Executive Perks and Other Personal Benefits: Compensation or Business Expense?

Earlier this month, the Securities and Exchange Commission (SEC) settled charges against a public company for failing to disclose in its annual proxy statements the full extent of the executive compensation paid to its Chief Executive Officer.

According to the SEC’s order, the company failed to disclose approximately $1,000,000 worth of perquisites and other personal benefits provided to its Chief Executive Officer, including expenses associated with his authorized use of chartered aircraft for personal purposes. As a result, the company significantly understated the “All Other Compensation” portion of its Chief Executive Officer’s compensation in the Summary Compensation Table of its proxy statement for several years.
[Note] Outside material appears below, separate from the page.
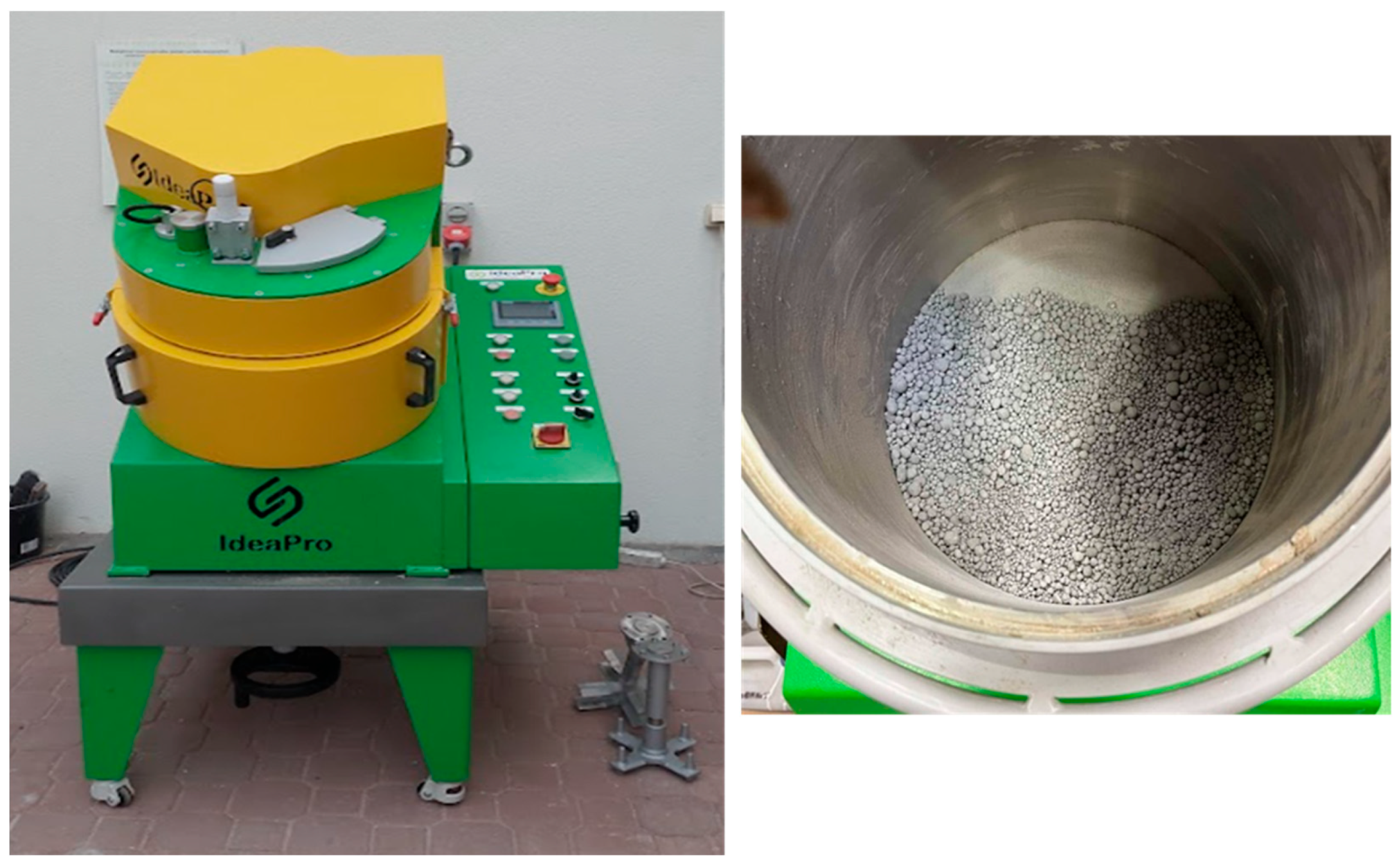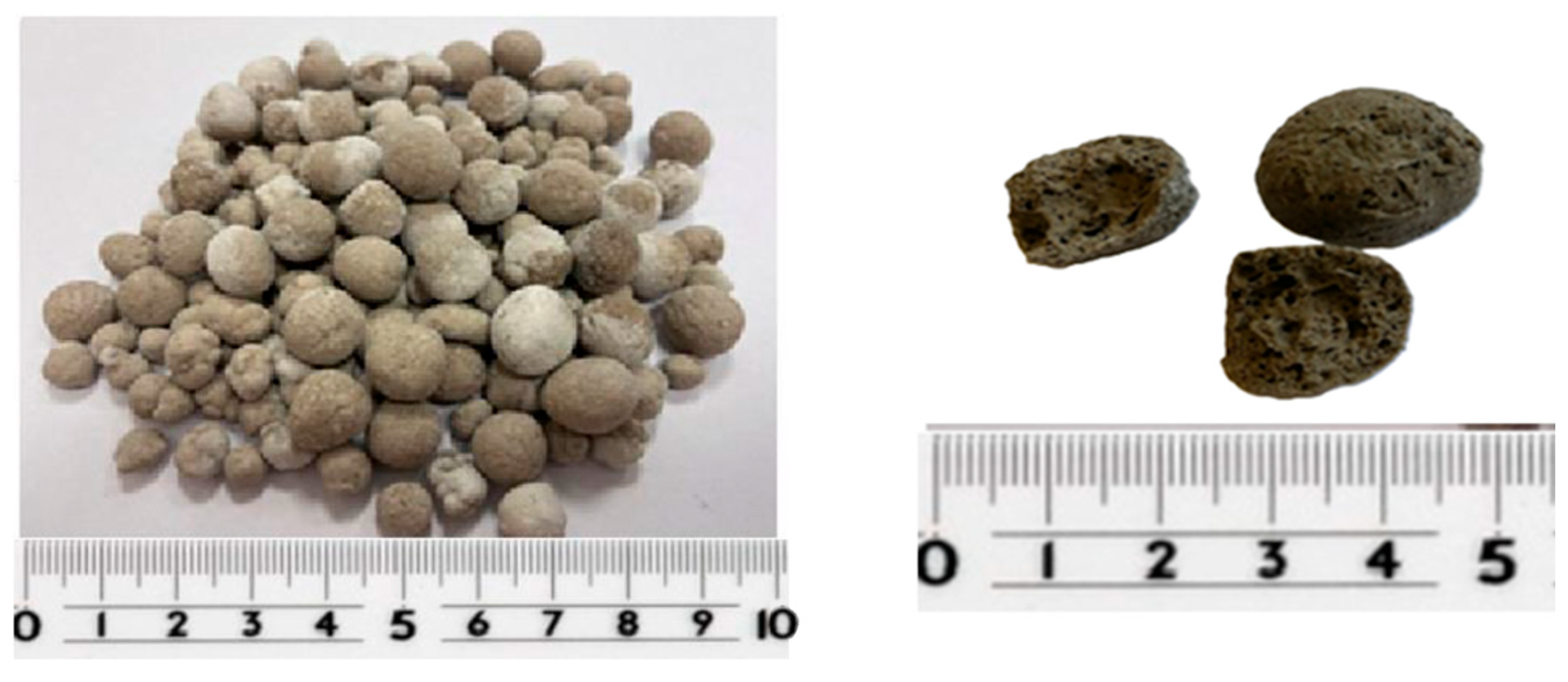 - Hankrishnan, K.; Ramamurthy, K. Influence of pelletization process on the properties of fly ash aggregates. Waste Manag. 2006, 26, 846–852. [Google Scholar] [CrossRef] [PubMed]

The SEC found that the company issued proxy statements containing materially false or misleading statements that altered the “total mix of information” considered by shareholders in making a voting decision and failed to maintain policies, procedures or controls designed to ensure that all potential perquisites and personal benefits are identified and analyzed for complete and accurate disclosure in its proxy statements.

A public company’s proxy statement must contain the information specified in Schedule 14A, including tabular and textual executive compensation disclosures pursuant to Item 402 of Regulation S-K. Item 402(c)(2)(ix) of Regulation S-K requires disclosure in a company’s Summary Compensation Table of the total value of all perquisites and other personal benefits provided to named executive officers who receive at least $10,000 worth of these items in any year.  Instruction 4 to Item 402(c)(2)(ix) also requires identification of all perquisites and personal benefits by type, and quantification of any perquisite or personal benefit that exceeds the greater of $25,000 or 10% of total perquisites, in a footnote to the table. 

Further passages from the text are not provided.